# Data records
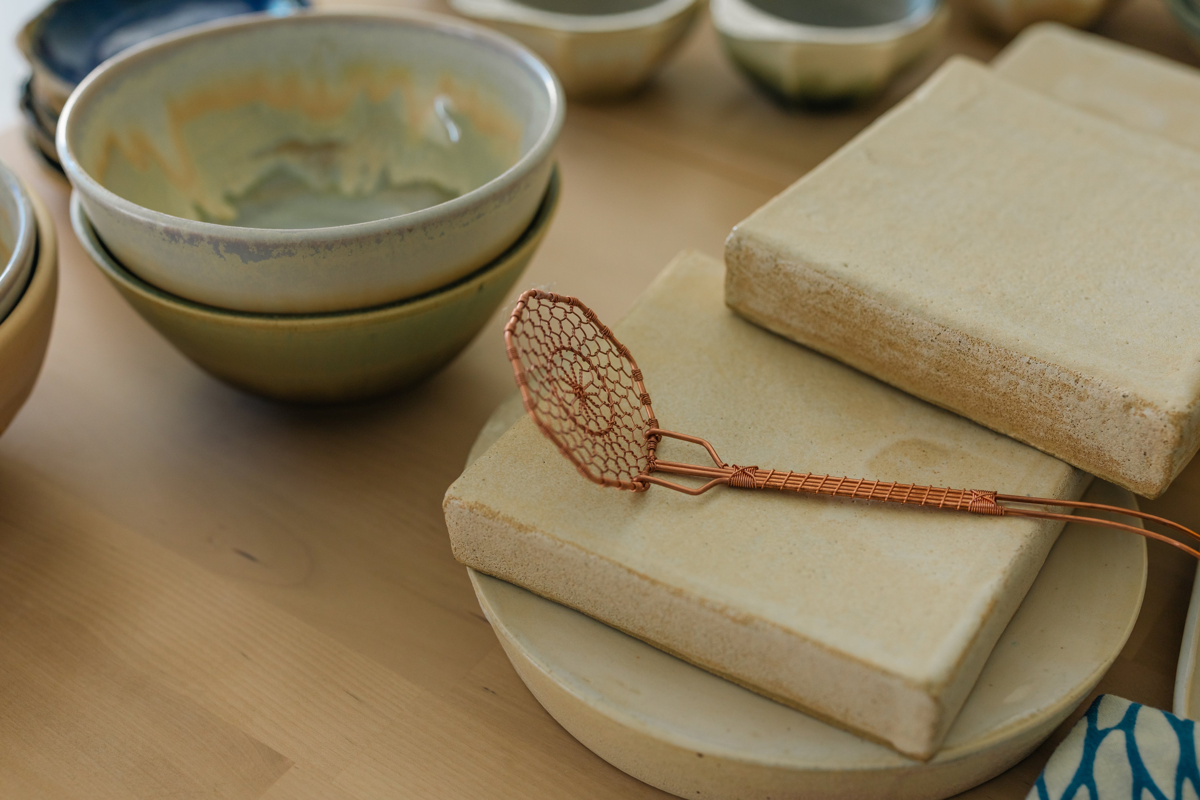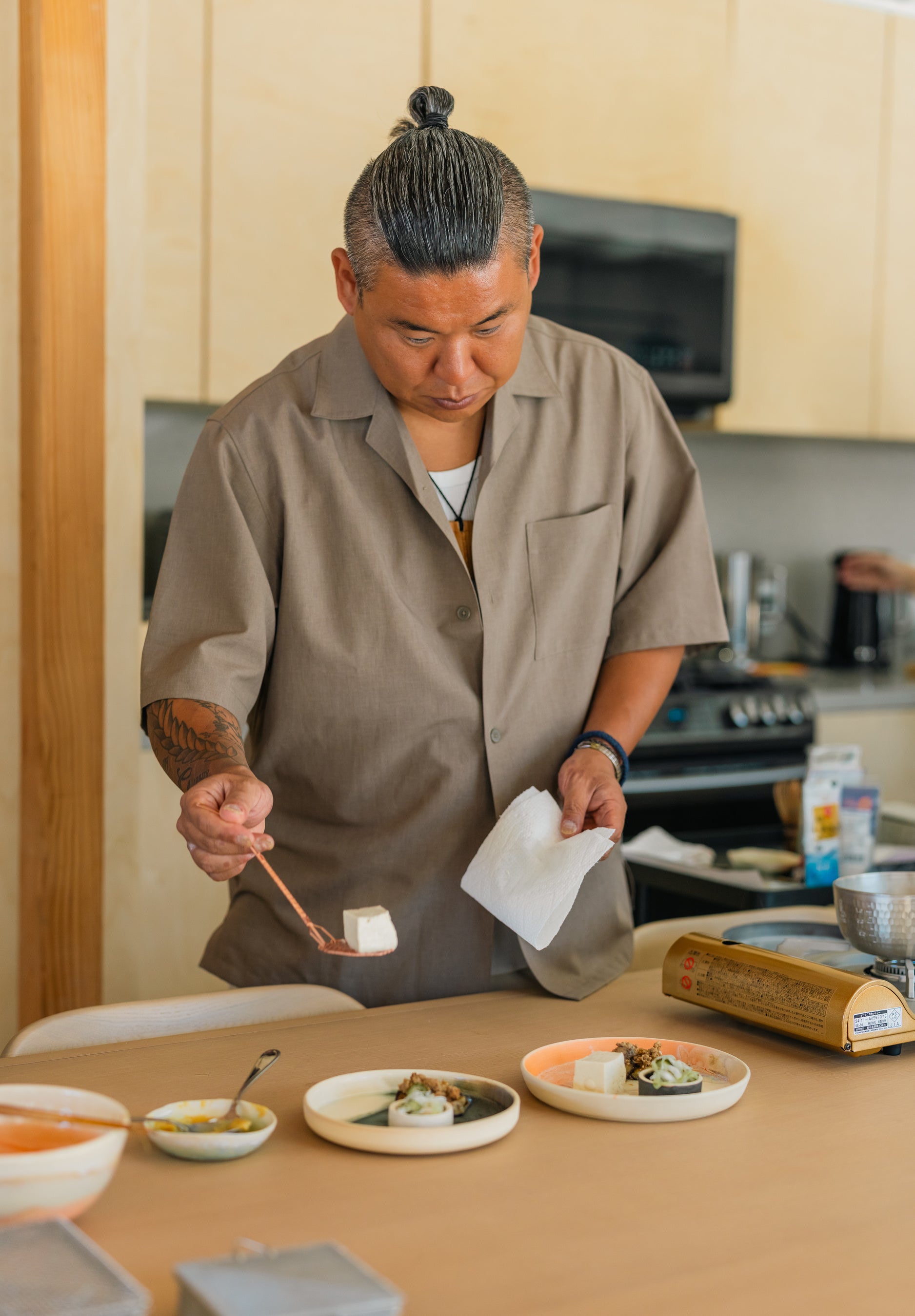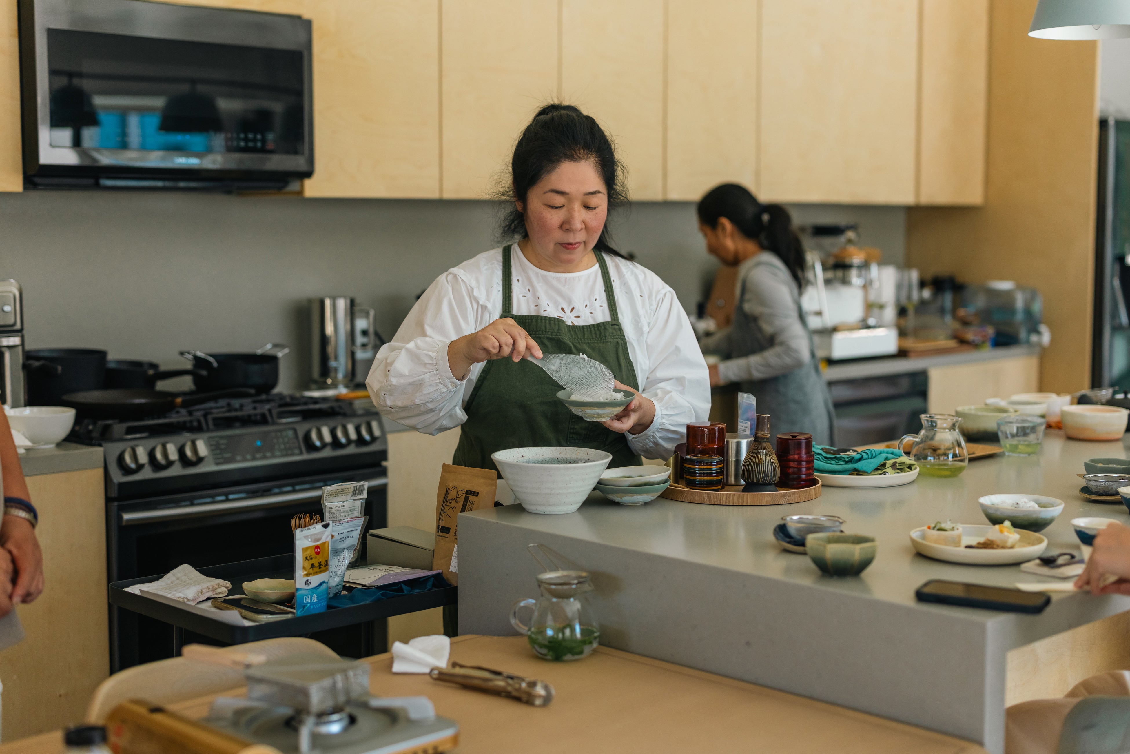 本イベントは、華やかなエンターテインメントとは一線を画し、「静かな儀式(Quiet Rituals)」としての日本茶の体験を、日本の道具とカリフォルニアの旬の食材を通じて再構築する試み。中心となったのは、金網つじ製の調理道具や同社のスタートともなった菊モチーフを施したの豆腐掬い、そして金網つじオリジナルサークル・ティー・インフューザーに合わせてロサンゼルスの建築スタジオOWIUが特別にデザインした八角形のティーカップ。参加者は、自らの手でインフューザーを使ってお茶を淹れ、その一杯を静かに味わった。
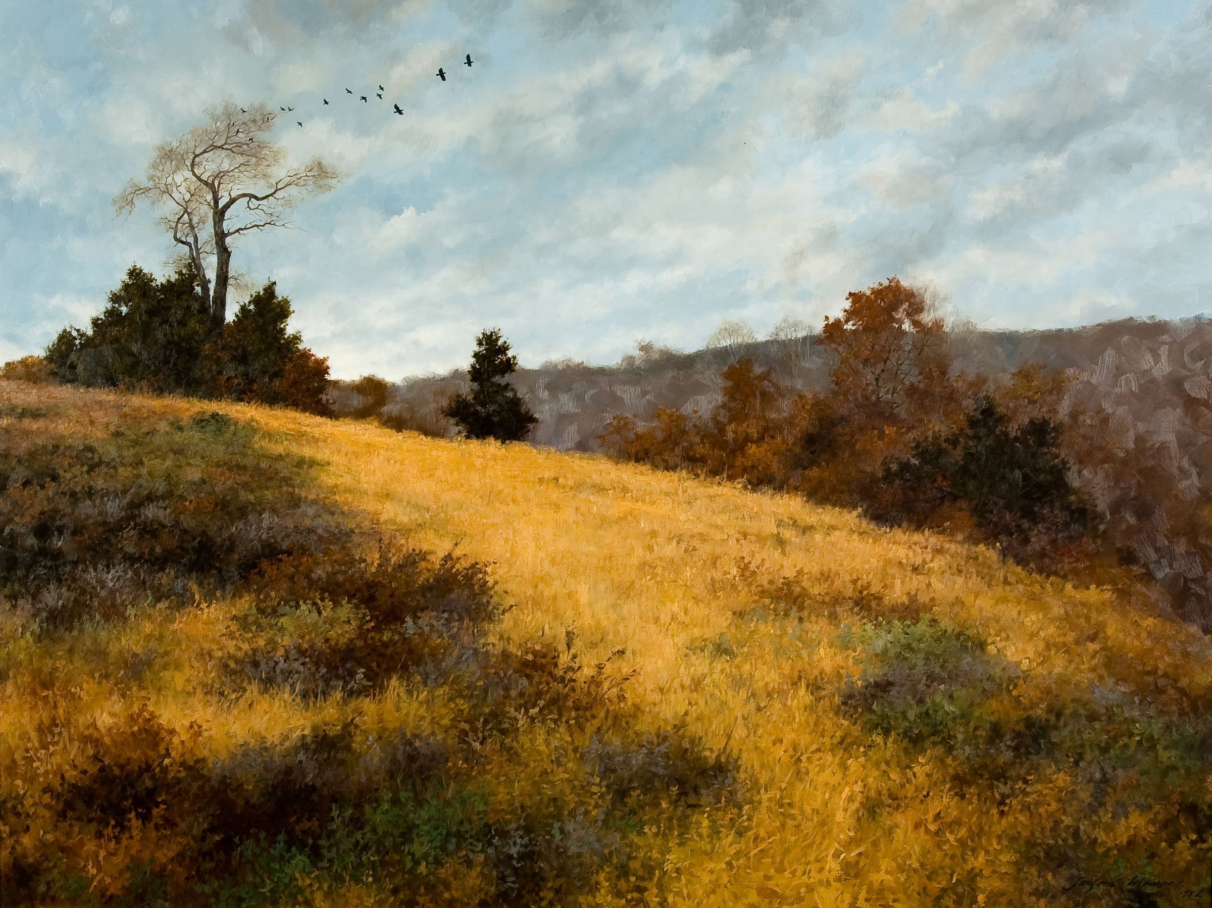 American Crows in landscape by Lanford Monroe, oilArtwork Details
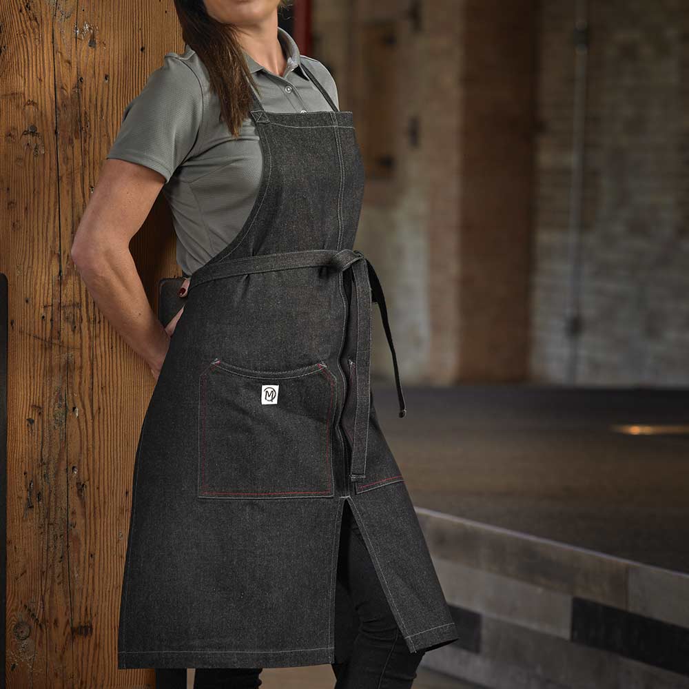 Barfly - 34" x 30" Metro Edge Zephyr Black Cotton Denim Bib Apron - M63203BKD
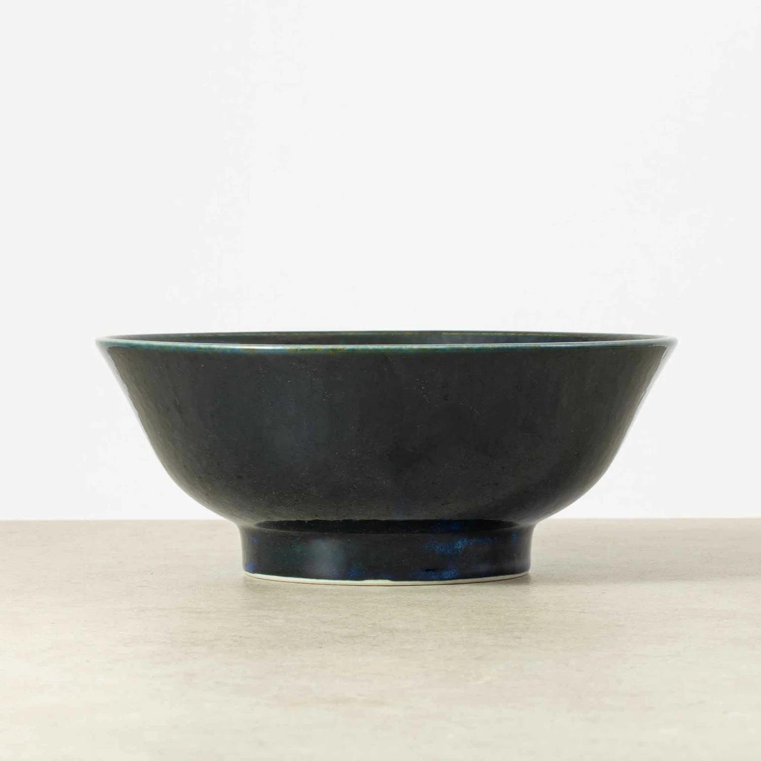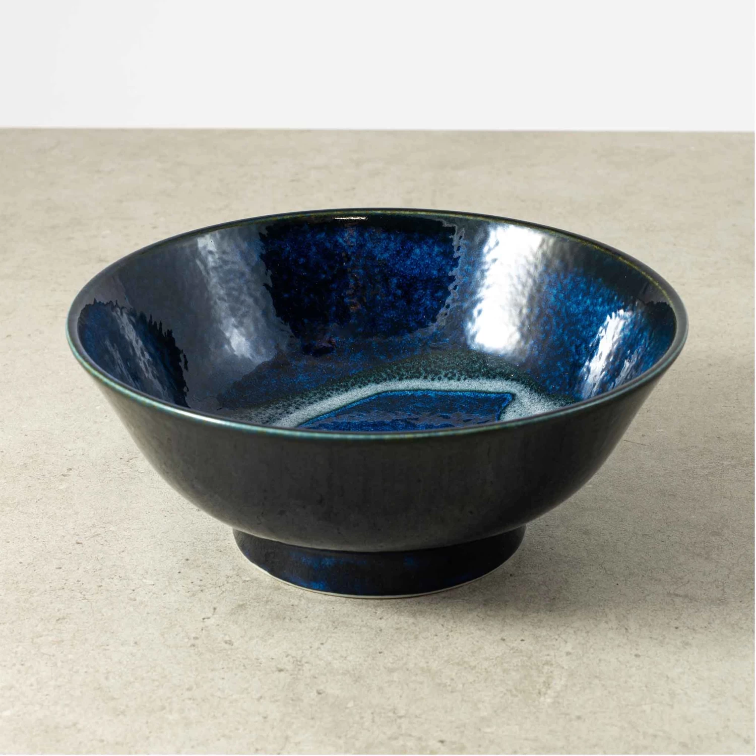 The ramen bowl is finished with a multi-tonal deep blue glaze, making it look like a serene lake.
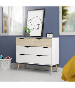 con finitura laccato bianco, dotata di 2 spaziosi cassetti + 2 cassetti finitura rovere naturale e gambe svasate in legno. Facile da montare e da pulire. Dimensioni 98,7 x 39,1 x h 81,7 cm
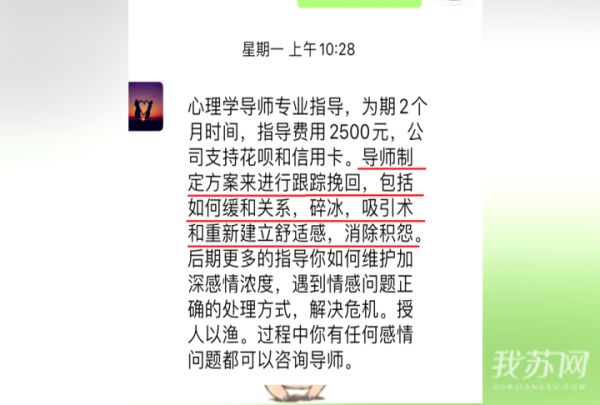 心理专家分析,年轻女性由于比较感性和涉世不深,往往更会购买这种所谓情感咨询服务。然而,这并不是专业的心理咨询,就算是非心理专业人士,以一个普通人的身份,给出情感建议,也不会像这样利用套路百般劝和。
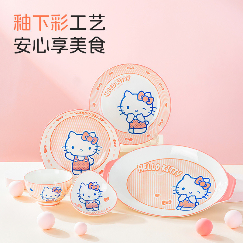 헬로 키티 세라믹 그릇 접시 유약 컬러 식기 세트 가정용 주방 귀여운 파르칼 개 먹는 그릇스토어 가기
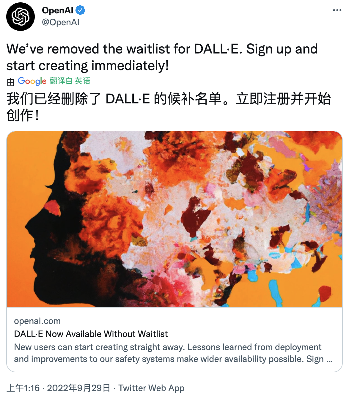 Open AI 官宣了! Dall·E 继上个月 Beta版之后,完全开放注册了。
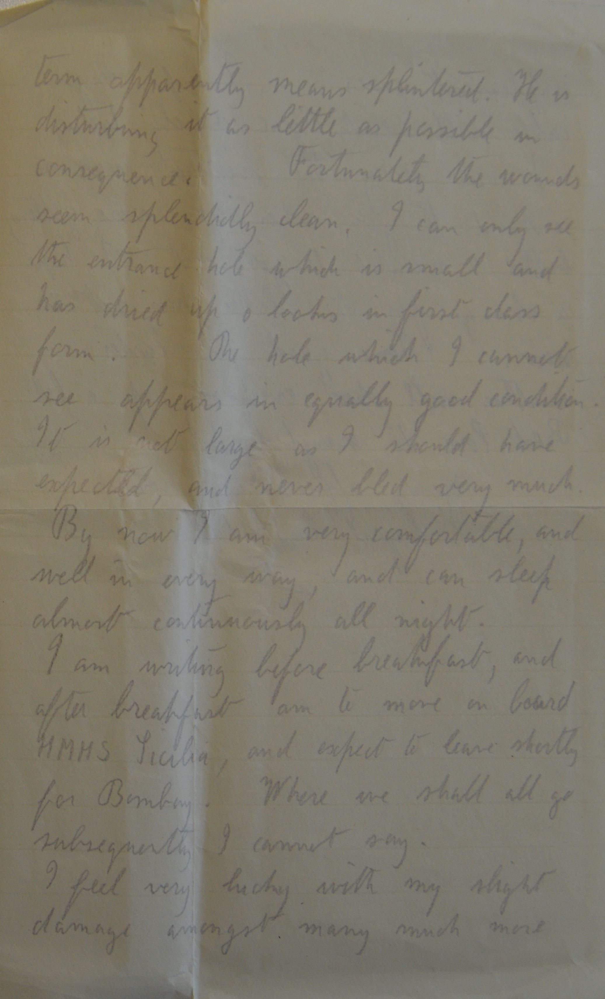 I am writing before breakfast, and after breakfast am to move on board HMS Sicilia, and expect to leave shortly for Bombay. Where we shall all go subsequently I cannot say.

# Task requirements
If a picture sits between the line containing "Apron - M63203BKD" and the line containing "Open AI 官宣了! Dall·E 继上个月 Beta版之后,完全开放注册了。", leave it out, and return the lines of that range above exactly, both ends included.

# Your response
 Barfly - 34" x 30" Metro Edge Zephyr Black Cotton Denim Bib Apron - M63203BKD
 The ramen bowl is finished with a multi-tonal deep blue glaze, making it look like a serene lake.
 con finitura laccato bianco, dotata di 2 spaziosi cassetti + 2 cassetti finitura rovere naturale e gambe svasate in legno. Facile da montare e da pulire. Dimensioni 98,7 x 39,1 x h 81,7 cm
 心理专家分析,年轻女性由于比较感性和涉世不深,往往更会购买这种所谓情感咨询服务。然而,这并不是专业的心理咨询,就算是非心理专业人士,以一个普通人的身份,给出情感建议,也不会像这样利用套路百般劝和。
 헬로 키티 세라믹 그릇 접시 유약 컬러 식기 세트 가정용 주방 귀여운 파르칼 개 먹는 그릇스토어 가기
 Open AI 官宣了! Dall·E 继上个月 Beta版之后,完全开放注册了。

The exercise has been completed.